I remember being held in my mother’s arms while she sang “Silent Night” to me in a darkened room.

I remember lying in my crib, waving at the shadows on the room’s walls made by cars driving past our house at night.

I remember looking through a telescope at what was supposed to be something very special in the night sky. All I saw was the moon. Or maybe a star. I was underwhelmed. It still looked pretty small to me.

These are some of my earliest memories. I don’t know what they say about me.

My daughter (now 32) has an incredible memory. She vividly recalls being a passenger (age 4) in the car with my husband and his friends who were driving (“quite fast!”) from Chicago to the DC temple. She still smiles as she recounts the sirens suddenly blaring behind them and her dad’s friend getting a ticket from a policeman.

I remember lots of things about my children’s childhoods. My mother must have recalled her early years of parenting, too. I used to roll my eyes when she would mention details about Sheridan School or the neighbor Mrs. Favret or Reverend What’s-His-Name from the church we attended. I can’t remember any of that. Maybe my sisters can, but even they grumped about Mom’s “living so much in the past.”

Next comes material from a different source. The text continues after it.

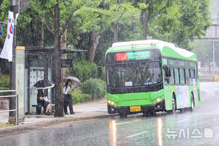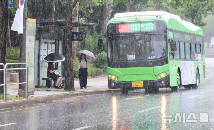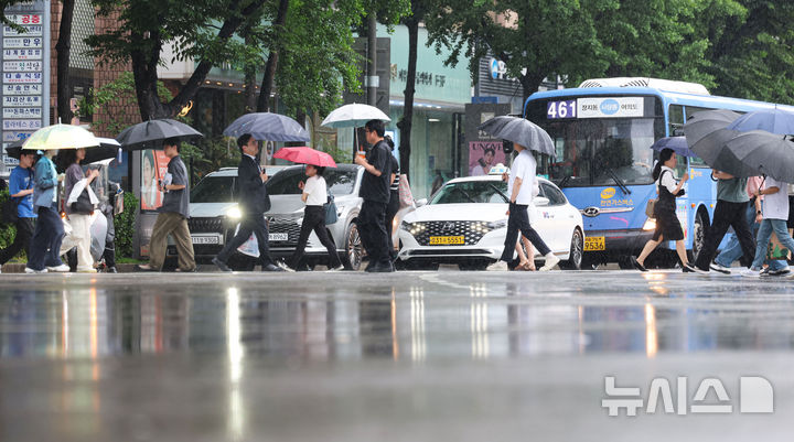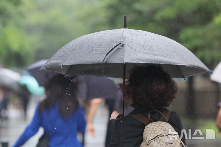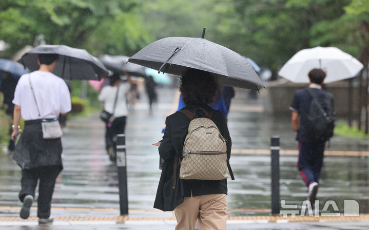 【NEWSIS】本格的な梅雨が始まった20日、ソウル・汝矣島駅近くで、雨傘を差して行き交う市民の様子。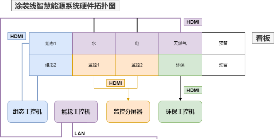 水、電、氣的消耗數(shù)據(jù),除在能源管理服務(wù)器上進行展示、打印外,還要在展示大廳的65英寸的顯示器上進行展示。展示要求示意圖如下

Now I fear my children – all grown – roll their eyes whenever I bring up bits from their single digit days. Does P cringe when I mention his youthful favorite video (Disney’s Robin Hood) as though he might still like to watch it? Does B recoil when I tell the clever thing she said when she was 5? (“If you don’t let me be where the rest of the people are, I’ll die! And not only that, I’ll never resurrect!”) And does C shiver when I slip and call him “Googy,” a nickname he had as an infant?

It would be one thing if I recalled these tender moments just during waking hours and in the privacy of our family circle. However, I often still (at age 60) find myself reliving raising toddlers in my dreams. C is the one who shows up most, my “baby.” He’s a stand-in, a symbol of my creative output or ambitions. For example, a dream that comes up with some frequency is of potty training failures (which was never a problem in their real lives). (And if they ever read that last part they will surely roll their eyes!) In these dreams, C will wander up to me as an adored tyke – but covered with pooh. If C represents my “creative productivity,” the pooh is, well, my assessment of how those efforts are going. Insecure? You betcha.

Two of my three children are parents now. This only reinforces my impulse to re-experience their tiny selves. That lavish love that comes with newborns is rekindled towards my offspring as I watch them hold their own babies in their arms. The space/time continuum becomes wildly warped. I like the perspective aging gives me to see the wholeness of these people I love. I’m not saying all those years were sunny. They were not. I remember those parts, too.

This isn’t living in the past. This is living beyond time, and the panorama feels holy.

So let them roll their eyes. Let them groan or be embarrassed. I’m claiming all of those memories boldly and proudly.

And now I’m going to settle back and imagine what it felt like to be held in my mother’s arms while she sang “Silent Night” to me.